While easily accepted as righting the wrongs of the past, special pleading for women qua women transgresses three boundaries: otherizing, exotifying, and objectifying, ultimately denying access to the social spaces assigned to men and perpetuating the culture of victimization. See, for example, “The Actions of a Well-Trained Puppy Dog: Caroline Herschel’s Modest and Useful Life,” by Emily Winterburn in The Scientific Legacy of William Herschel, Cunningham, Clifford, ed., (2018, Springer International Publishing).

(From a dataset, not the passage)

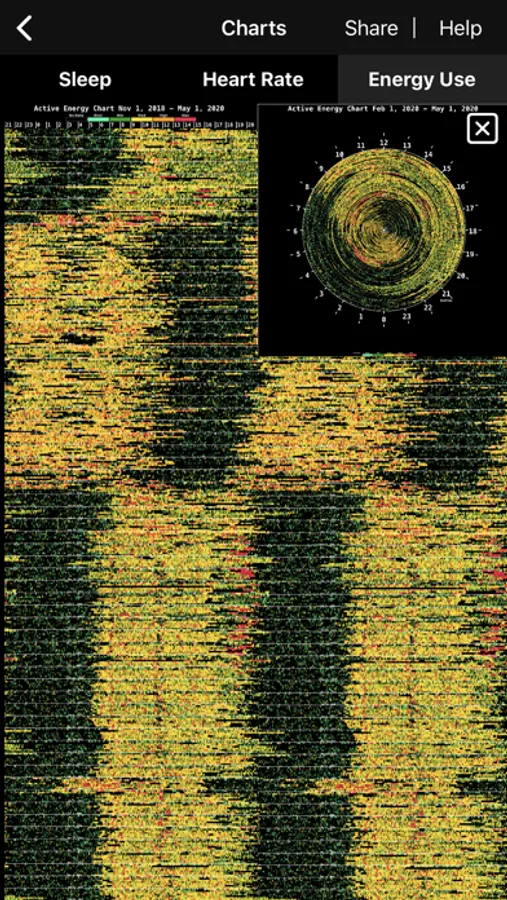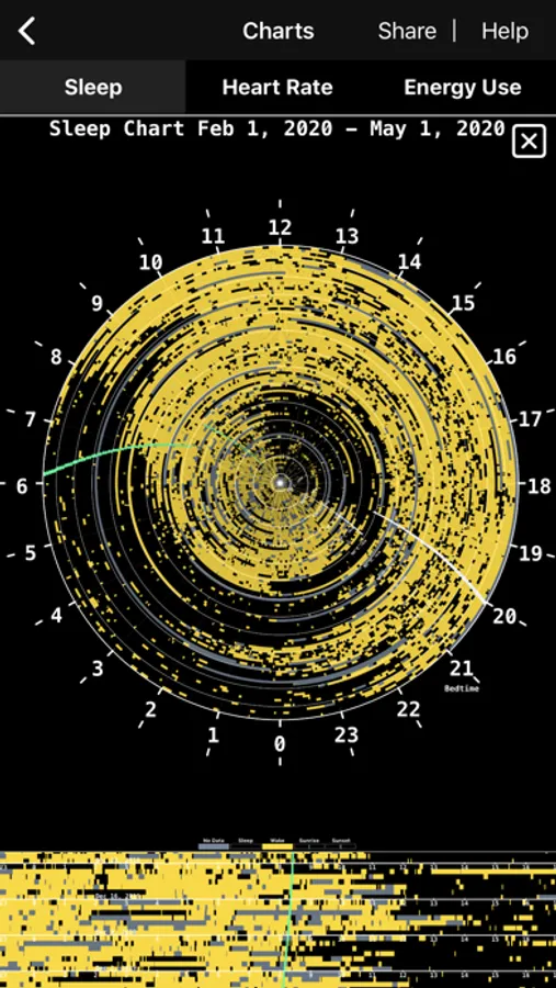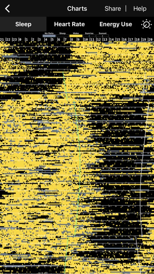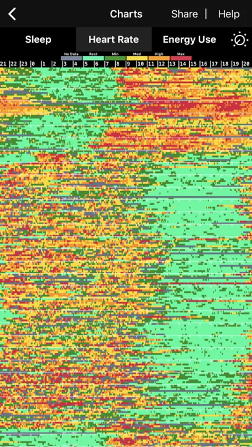 * Examine the chart to see patterns of activity, heart rate and sleep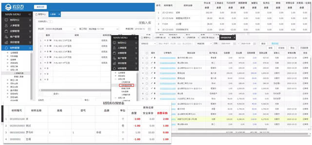 亮點1:內置完整的進銷存系統,極大提高材料部門工作效率

In his review of The Quiet Revolution of Caroline Herschel: The Lost Heroine of Astronomy by Emily Winterburn, (2017, Stroud, History Press), for the Journal of Astronomical History and Heritage (Vol 21. No 1, p 94-95), Clifford J. Cunningham pointed out that far from being lost, Caroline Herschel was always well known. The Harvard ADS Database lists over 750 citations when searching for full text and over 90 listings via abstracts. 

References

  1. Olson, Roberta J. M.; Pasachoff, Jay M. (2012). "The Comets of Caroline Herschel (1750–1848), Sleuth of the Skies at Slough." Culture and Cosmos. 16 (1–2): 9.
  2. Herschel, Caroline. (1786). “An Account of a new Comet. In a Letter from Miss Caroline Herschel to Charles Blagden, M.D., Sec. R.S.,” Philosophical Transactions of the Royal Society of London, 1787, Vol. 77 (1787), pp. 1-3.
  3. Caroline Herschel's Deep Sky Objects. Messier.SEDS.org/xtra/similar/cher.html (Accessed 16 August 2022)
  4. Baily, F. (1827) “Remarks on the Astronomical Observations of Flamsteed," Monthly Notices of the Astronomical Society of London, 8 June 1827, No. 5 
  5. (n.a) (1828). [“Comments of Mr. South, one of the Vice Presidents”]. Monthly Notices of the Royal Astronomical Society, January 1828, Vol. 1, p.62. 
  6. “Report of the Council of the Society to the Fifteenth Annual General Meeting, held this day,” Monthly Notices of the Royal Astronomical Society, Vol. 3, No. 12. 13 February 1835, p.91.